First, the kids got out of school which made it hard to workout every day. Then we renovated our kitchen and seemingly did nothing else all summer. I broke a toe. And we went on vacation. Through all that I actually lost weight and I became really okay with not working out. I had been between 135 and 140 pounds. By July, I was below 134 and have stayed there ever since. That might not seem like a lot but it made me feel like a whole new person.

I have always exercised obsessively (and kept a record) as seen below. I would do something almost every day. I’d run or do some sort of video at home. I’d go to yoga, spin and Jazzercise.

I was surprised (but not surprised) when I lost weight in July. I wasn’t “working out” but I was doing demolition and a lot of heavy lifting. Ever removed a hardwood floor and sub floor? Torn out cabinets? Installed a new hardwood floor? Combine that with very little eating because you have no kitchen.

We did most of the renovation in flip flops and joked that we should have a show on HGTV called “Flip Flop Flippers”. Construction sites are not the place for flip flops but that is not how I broke my left number 2 toe. I broke it by slipping on the wet garage floor. If you’ve never broken a toe, and I have, twice, the correct way to rehab it is to ‘buddy tape’ it and not exercise for six weeks. Six weeks??!! (Apparently, I don’t consider riding a bike to be bad for a broken toe.)

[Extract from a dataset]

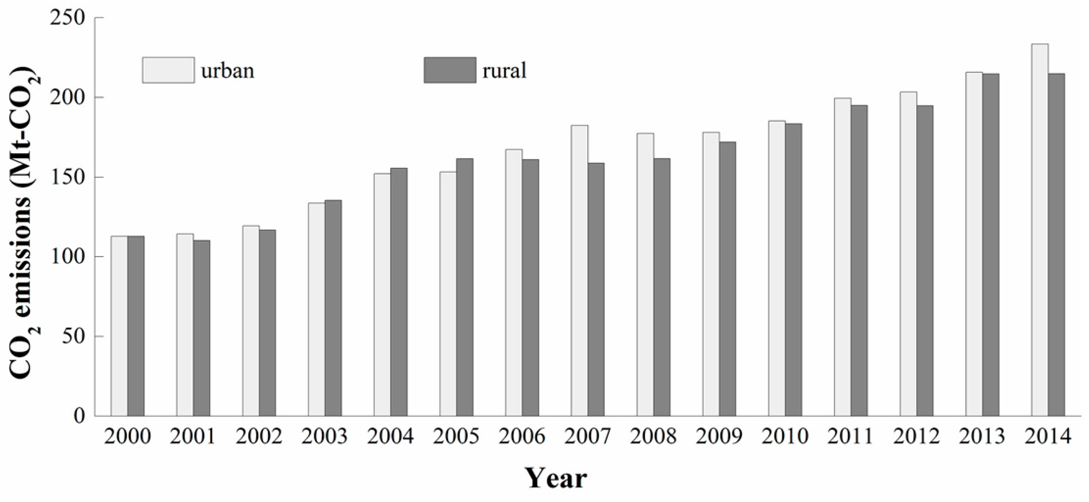 - Qu, J.S.; Maraseni, T.; Liu, L.N.; Zhang, Z.Q.; Yusaf, T. A comparison of household carbon emission patterns of urban and rural China over the 17 year period (1995–2011). Energies 2015, 8, 10537–10557. [Google Scholar] [CrossRef]

When my toe seemed to be completely healed I celebrated by doing all the planks and downward dogs. But, as you can see, not much else. My first day back to Jazzercise, I thought I felt it re-break a little bit, but I think it will always be a little tender.

So, this is where I am now. I don’t need to exercise anymore.

I might do it once in a while, when I feel like it. I do feel a lot better, especially mentally, when I workout. Having broken a bone tells me that I should exercise more, particularly with weights. Feeling really fit while doing the kitchen made me realize I should be doing much more muscle strengthening. As we head into the colder months, I know it will really help to get outside and move. A little walking, a little running. I will probably still go to spin class and Jazzercise, because it’s fun. Oh, and yoga because it makes everything better.